# Supplied data
───

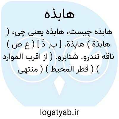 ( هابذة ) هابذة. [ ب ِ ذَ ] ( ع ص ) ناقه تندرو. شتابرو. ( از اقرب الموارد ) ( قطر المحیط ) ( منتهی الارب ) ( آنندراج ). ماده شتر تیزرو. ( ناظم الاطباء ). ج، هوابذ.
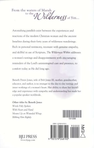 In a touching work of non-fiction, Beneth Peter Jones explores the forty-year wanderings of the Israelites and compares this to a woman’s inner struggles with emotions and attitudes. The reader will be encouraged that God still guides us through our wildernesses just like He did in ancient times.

───

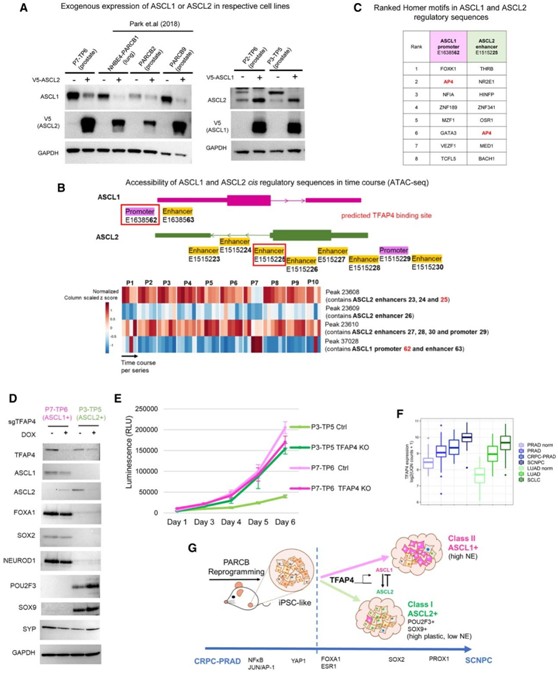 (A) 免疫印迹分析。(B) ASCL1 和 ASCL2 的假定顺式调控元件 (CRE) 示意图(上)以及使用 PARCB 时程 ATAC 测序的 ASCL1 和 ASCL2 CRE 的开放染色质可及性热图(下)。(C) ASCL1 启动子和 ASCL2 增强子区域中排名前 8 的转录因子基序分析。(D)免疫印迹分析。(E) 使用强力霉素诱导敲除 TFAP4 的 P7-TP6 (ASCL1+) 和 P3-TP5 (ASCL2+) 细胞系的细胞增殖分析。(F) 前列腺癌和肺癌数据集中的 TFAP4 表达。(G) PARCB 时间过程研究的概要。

───

# Action item
In the records above, find the line with "( هابذة ) هابذة.". Print exactly from there through the line with "In a touching", minus the pictures.

# Exercise solution
 ( هابذة ) هابذة. [ ب ِ ذَ ] ( ع ص ) ناقه تندرو. شتابرو. ( از اقرب الموارد ) ( قطر المحیط ) ( منتهی الارب ) ( آنندراج ). ماده شتر تیزرو. ( ناظم الاطباء ). ج، هوابذ.
 In a touching work of non-fiction, Beneth Peter Jones explores the forty-year wanderings of the Israelites and compares this to a woman’s inner struggles with emotions and attitudes. The reader will be encouraged that God still guides us through our wildernesses just like He did in ancient times.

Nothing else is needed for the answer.